Instructions to follow: The expected answer is a verbatim transcription of the lines below, beginning with the first and ending with the line that holds "KNX wurde als", without pictures.

Stored data:
┌──
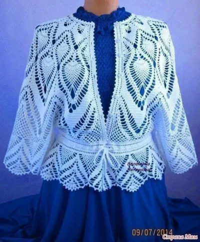 Крючок №1, Нитки 100% хлопок (100 гр. - 700 м). Жакет очень нежный, нарядный, воздушный. Подойдёт для любого возраста и любой фигуры. Можно носить с юбкой, брюками, с платьем.
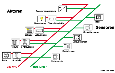 KNX wurde als System (Weiterentwicklung des EIB “Europäischer Installationsbus”) entwickelt, das für alle wichtigen Aufgaben in der Gebäudetechnik eingesetzt werden kann. Damit können die einzelnen Anlagenteile, die sogenannten« Gewerke», wie Heizung, Lüftung, Beleuchtung, Alarmanlage usw. gemeinsam («integral») geplant und ausgeführt werden. Jeder Hersteller hält sich an die definierte Norm, so dass sich alle Geräte gegenseitig verstehen und miteinander vernetzt werden können.
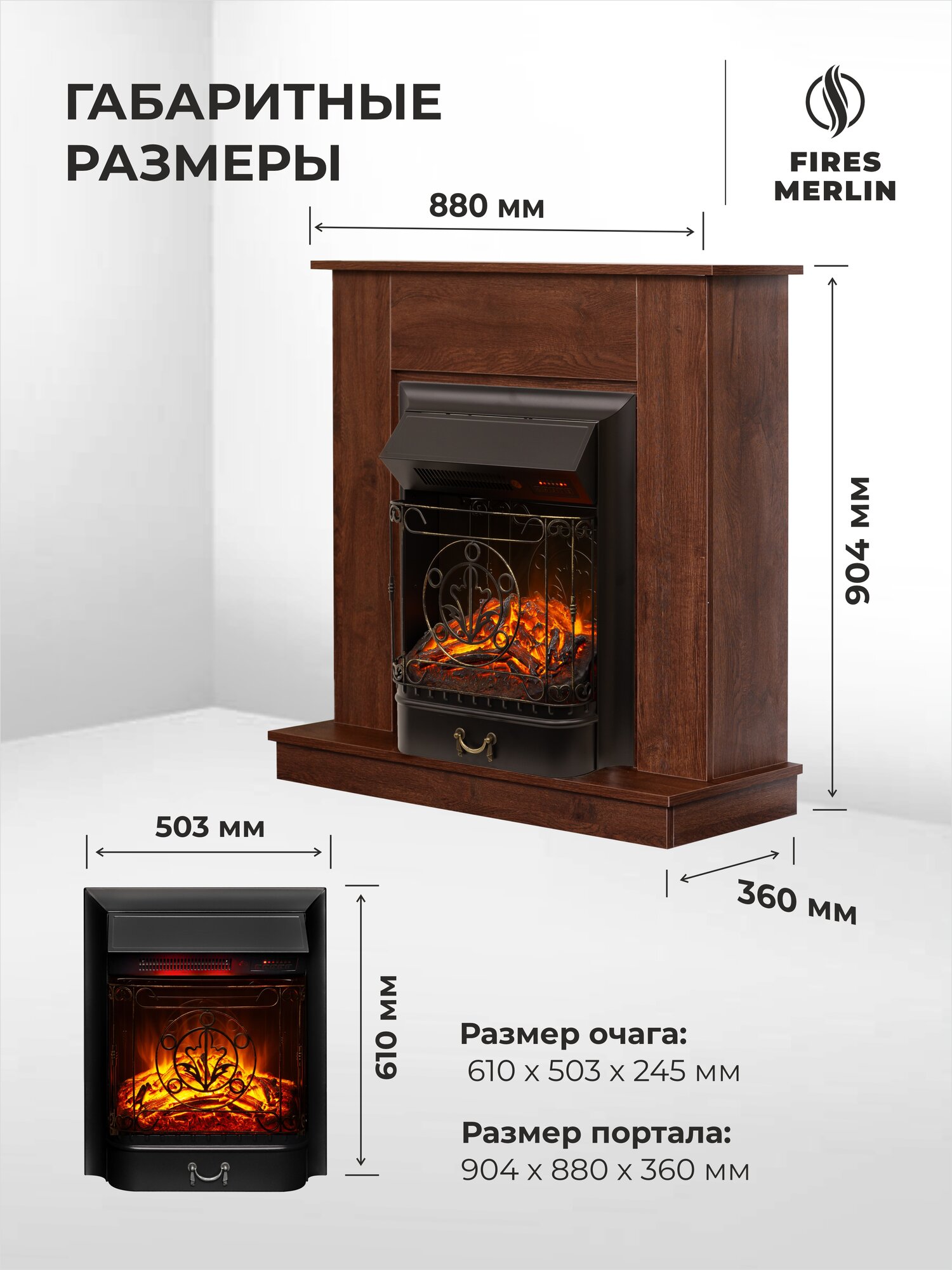 СохранитьКамин электрический Fires Merlin Nord DN темный орех с очагом, пульт ДУ, с обогревом, эффект живого пламени интересное:
└──
Problem solution:
 Крючок №1, Нитки 100% хлопок (100 гр. - 700 м). Жакет очень нежный, нарядный, воздушный. Подойдёт для любого возраста и любой фигуры. Можно носить с юбкой, брюками, с платьем.
 KNX wurde als System (Weiterentwicklung des EIB “Europäischer Installationsbus”) entwickelt, das für alle wichtigen Aufgaben in der Gebäudetechnik eingesetzt werden kann. Damit können die einzelnen Anlagenteile, die sogenannten« Gewerke», wie Heizung, Lüftung, Beleuchtung, Alarmanlage usw. gemeinsam («integral») geplant und ausgeführt werden. Jeder Hersteller hält sich an die definierte Norm, so dass sich alle Geräte gegenseitig verstehen und miteinander vernetzt werden können.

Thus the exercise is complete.